The shoes were the same for all women and men. It was a wooden clog. It should be noted that to this day, wooden clogs are worn in the French countryside for work.

Mens clothing

Until the 18th century, French men in the provinces wore a regular shirt, which was replaced by an elongated wide blouse made of the same canvas as its predecessor. It was fashionable to wear such blouses over a jacket.

If before the revolution this version of attire was considered festive, then after its end, urban artisans and workers began to dress this way. The bourgeois preferred a coat to a jacket.

Popular blouses began to be worn by shepherds, who wore a woolen cape or a cloak made of goat skins over it. It must be said that some artists still prefer this style.

And by the beginning of the 19th century, knee-length pants in combination with leggings or stockings tied under the knees came into fashion among French peasants. They relied on a shirt, vest, jacket and neckerchief.Then, closer to the middle of the century, men's fashion diversified with tight long pants.

Has undergone transformation and shirt collar. Fold-over cuffs and collar, tightened with a ribbon, are replaced with buttons, and the top of the shirt was covered with a scarf.

The vest was closed with two rows of buttons. This whole structure was secured by a shortened jacket, sometimes lengthened at the back.

In the 18th century, a cocked hat was the headdress of every peasant, and at the end of the 19th century, older men began to wear it.

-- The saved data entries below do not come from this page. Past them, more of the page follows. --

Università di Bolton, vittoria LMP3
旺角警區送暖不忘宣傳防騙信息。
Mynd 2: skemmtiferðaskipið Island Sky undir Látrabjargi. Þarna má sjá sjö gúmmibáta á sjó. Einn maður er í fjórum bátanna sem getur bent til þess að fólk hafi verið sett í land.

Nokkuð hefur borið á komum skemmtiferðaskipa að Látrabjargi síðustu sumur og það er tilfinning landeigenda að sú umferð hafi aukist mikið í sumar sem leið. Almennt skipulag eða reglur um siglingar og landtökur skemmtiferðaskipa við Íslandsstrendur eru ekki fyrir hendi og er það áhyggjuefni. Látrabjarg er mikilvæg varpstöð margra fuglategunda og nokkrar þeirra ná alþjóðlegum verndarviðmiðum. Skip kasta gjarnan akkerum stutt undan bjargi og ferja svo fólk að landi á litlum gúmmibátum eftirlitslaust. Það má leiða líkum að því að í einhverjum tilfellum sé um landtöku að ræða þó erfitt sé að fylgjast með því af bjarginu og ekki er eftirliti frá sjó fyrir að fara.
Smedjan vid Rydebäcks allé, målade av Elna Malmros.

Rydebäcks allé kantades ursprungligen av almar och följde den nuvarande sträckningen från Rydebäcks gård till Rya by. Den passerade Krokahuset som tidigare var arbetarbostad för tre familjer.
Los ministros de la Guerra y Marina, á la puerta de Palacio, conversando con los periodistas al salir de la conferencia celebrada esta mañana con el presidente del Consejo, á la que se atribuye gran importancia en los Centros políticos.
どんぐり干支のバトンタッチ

Over time, the cocked hat was replaced by a hat with round brims.

For the manufacture of the winter version of the hat, felt was used, for the summer version, straw.

In the coastal provinces, peasants wore a cap of six decorated with a pompom.

Womens clothing

The women's national costume was much simpler. It consisted of a wide skirt decorated with frills or pleats and a sweater. All this was complemented by an apron and a scarf, which was tied on the shoulders.

The head was decorated with a cap. It was considered a home option, and a hat or scarf was worn on it to leave the house.

The status of a person was determined by the color palette. The peasants sewed their clothes from gray, brown, white materials. The bourgeois were distinguished by blue, red or lilac clothes. And sometimes black.

On holidays, a bodice was added to the usual version of the costume.

In each province, some national costumes differed in embroidery, the shape of the headdress, or the color of the apron.

Later, feminine dresses similar to tunics came into fashion. They were tied high under the chest. Over the years, the dresses got longer with layered skirts at the bottom.

Accessories include umbrellas, small hats with a veil, muffs and scarves.

Baby suit

Children were no different from adults and their costumes were a miniature copy of adult national clothes.

The girls wore skirts a little shorter than adults, otherwise everything was like women - a cap, a shirt, an apron.

The boys' clothes were exactly the same as the men's suit.

The French Revolution

After the end of the French Revolution, the peasant national costume underwent dramatic changes. This happened due to the increase in the well-being of the peasants. And the markets began to be replenished with factory fabrics - silk and cloth.

The festive version of the costume has also become another. He was imprinted by the fashion of the city. Throughout France, national costumes were similar to each other and consisted of the same elements. But the peculiarities of each province influenced the shape of the hats and bodices, the cut and the colors. Fashion historians distinguish several sets of clothing of that time.

Urban costume came into fashion only at the end of the 19th century. For a long time, only the hats remained unchanged. Some of them are still popular in everyday life. For example, in the Alps, Roussillon and Bretonnia.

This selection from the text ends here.